Não é repulsa, é apenas um leve constrangimento. No dia a dia, esse doce
constrangimento se dissolve em abraços, palcos compartilhados e uma sintonia de
alvos que torna irrelevante qualquer diferença programática alegada. A terceira
via, esse projeto político que em tese se apresentaria como alternativa tanto à
esquerda quanto à direita irascível, tornou-se na prática linha auxiliar da
extrema-direita.
O fenômeno não é brasileiro, mas aqui adquiriu contornos bem
particulares. Na Europa, a dinâmica se deu principalmente por absorção
programática; aqui, a terceira via optou por uma estratégia de fragmentação
aparente: muitas candidaturas, os mesmos palcos, um único adversário real. O
que está em curso não é uma disputa entre projetos de país. É uma divisão
tática de trabalho político cujo efeito principal é deslocar, gradual e
inexoravelmente, os limites do aceitável.

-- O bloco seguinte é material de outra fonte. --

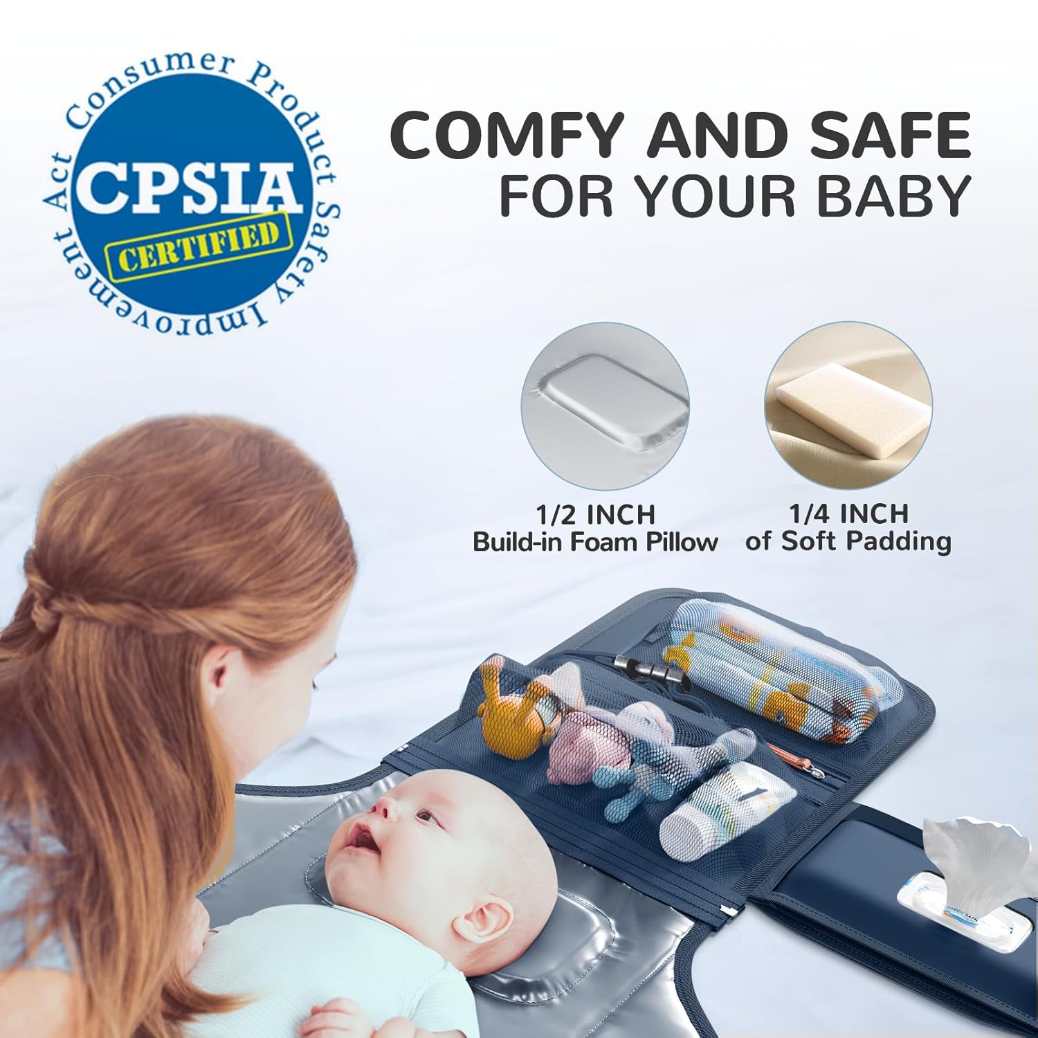 • EASY TO CLEAN AND COMFY FOR BABY. The Alatino Portable Changing Pad is made of premium materials The high-quality padded surface features a built-in ½ inch memory foam pillow to cushion your baby’s head. Also, the waterproof material surface makes it easy to clean with a quick wipe down when messes happen.

Esta análise examina os mecanismos pelos quais a terceira via opera como
dispositivo de normalização da extrema-direita. Não se trata de negar a
existência de liberais democratas sinceros. Trata-se de observar que seu
comportamento político concreto, independentemente das intenções declaradas,
produz efeitos objetivos de legitimação do radicalismo autoritário.
O Caso Brasileiro: A
Fragmentação Como Método
Desde 2018, a terceira via brasileira encontrou sua vocação: ser tudo
aquilo que a extrema-direita não pode dizer em público. Enquanto o radicalismo
vocaliza o que há de mais brutal no inconsciente das massas, a terceira via
traduz esses impulsos para a linguagem dos editoriais, dos congressos
empresariais, dos debates televisionados. Um mesmo conteúdo, a deslegitimação
do adversário, a rejeição a qualquer projeto redistributivo, a hostilidade ao
Estado como arena de disputa democrática, transita entre o grito e a análise
técnica sem que a substância se altere.
No noticiário brasileiro, "terceira via" virou rótulo frouxo,
aplicado a qualquer candidatura de partido de centrão, da mais tímida à mais
próxima do bolsonarismo declarado. Esta análise usa o termo em sentido mais estrito.

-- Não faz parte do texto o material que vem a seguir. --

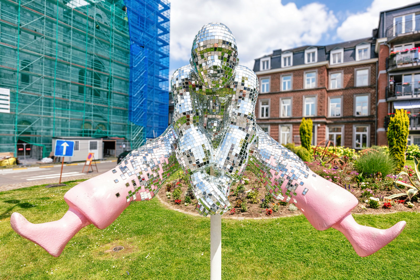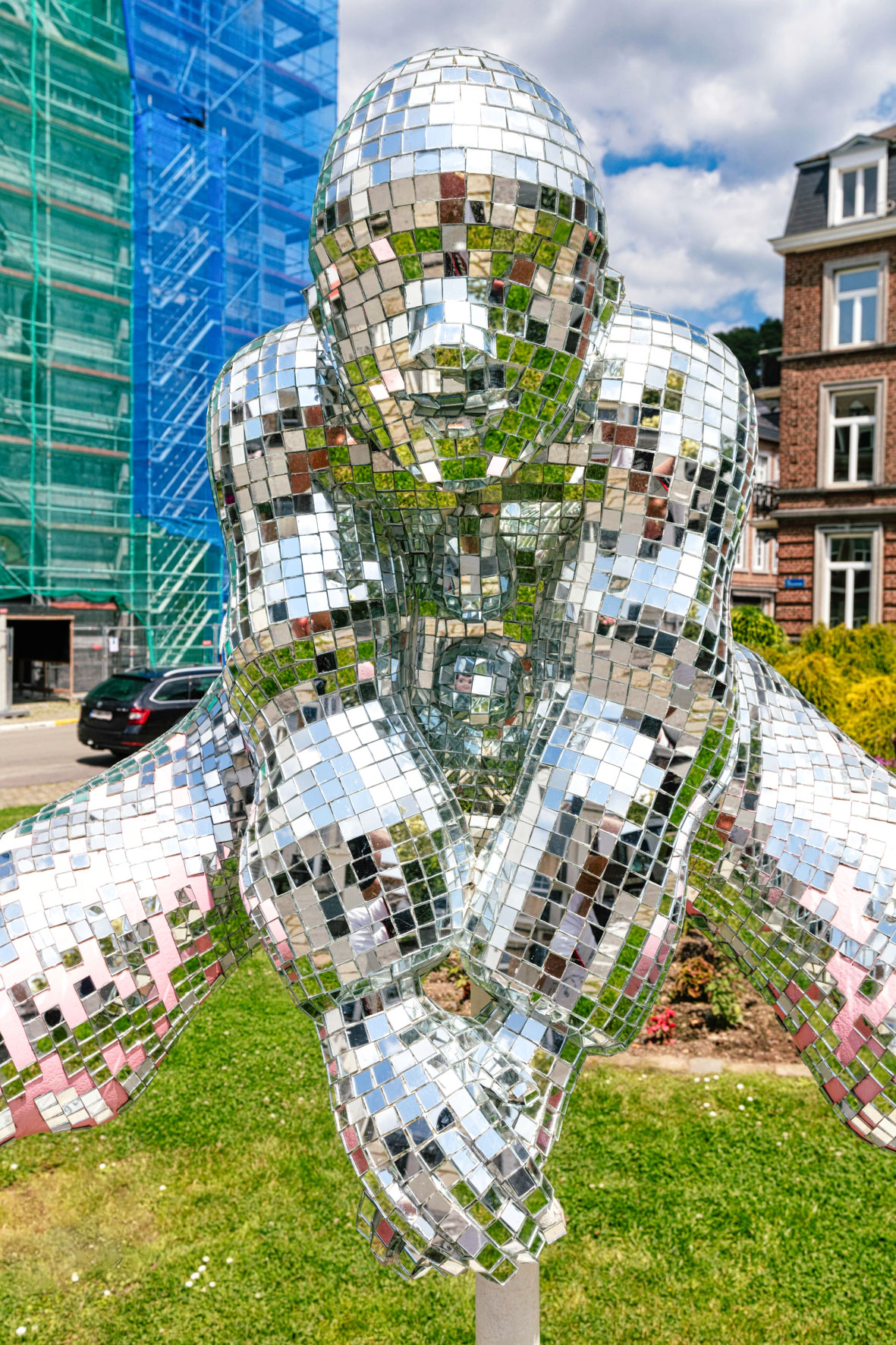 Symbole fort de la Ville de Spa, l’eau et ses reflets nous baladent entre l’âme et la pensée. Ce Pierrot aux mille éclats nous renvoie vers nous-même, vers la conscience de soi.

Não como etiqueta de imprensa, mas como categoria funcional: o papel que uma
candidatura efetivamente desempenha na normalização do radicalismo,
independentemente do nome que carrega. Uma candidatura pode ostentar o rótulo
sem cumprir função alguma de escada; outra pode recusá-lo e cumpri-la à risca.

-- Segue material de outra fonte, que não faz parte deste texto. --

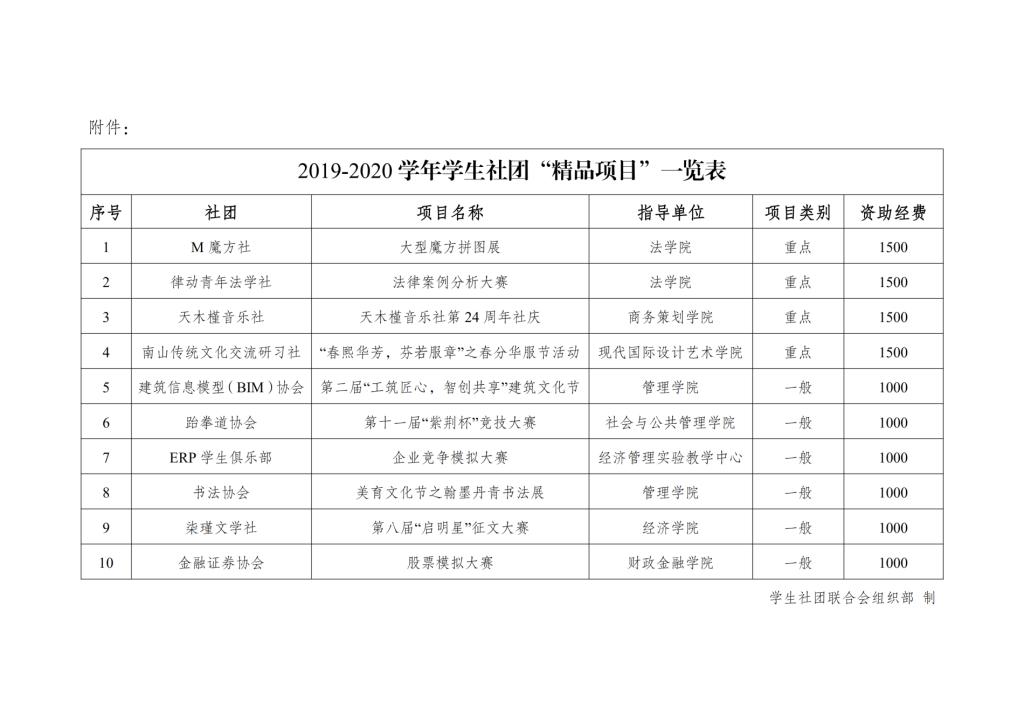 据悉,本次学生社团“精品项目”立项活动共收到申请22项,经学工部、校团委、相关学院分党委等职能部门组成的评审组共评选出学生社团 “精品项目”10项,其中,重点项目4项、一般项目6项,校团委将对“精品项目”给予一定资金支持。

O que importa, para os fins deste texto, não é o rótulo. É a função.
O que torna o caso brasileiro especialmente revelador é a desenvoltura
com que essa chamada terceira via administra suas contradições. Quando
questionada sobre a companhia que mantém, a resposta é sempre coreografada:
minimizar o aliado incômodo como exagero retórico, relativizar a ameaça citando
exemplos descontextualizados da esquerda, ou justificar a aliança como
pragmatismo político, ou a abjeta defesa do chamado “mal menor”. A objeção mais
sofisticada que essa coreografia produz merece ser enfrentada de frente, não
descartada de passagem. Dizem seus arautos que é preciso opor à esquerda um
projeto de poder capaz de vencer eleições, e que pureza ideológica não vence
pleitos. O argumento seria respeitável se a história não tivesse já respondido
a ele. Cada vez que a moderação apostou nessa coalizão ampla para vencer com o
que se tem, ela não venceu a extrema-direita; foi vencida por ela. Realismo que
sistematicamente perde não é realismo, é uma simples rendição com sotaque
técnico.
A estratégia da fragmentação opera em frentes simultâneas e ganha
nitidez quando se olha para nomes concretos da corrida presidencial de 2026 em
vez de categorias abstratas. Romeu Zema ocupa o nicho do liberalismo econômico,
construído sobre dois mandatos em Minas Gerais e um discurso anticorrupção
dirigido quase inteiramente contra o PT. O mesmo Zema, porém, já anunciou que
concederia indulto a Jair Bolsonaro e aos condenados pelos atos de 8 de
janeiro, já defendeu o impeachment de ministros do STF e evita, com cuidado
calculado, qualquer crítica a Flávio Bolsonaro, seu concorrente à direita.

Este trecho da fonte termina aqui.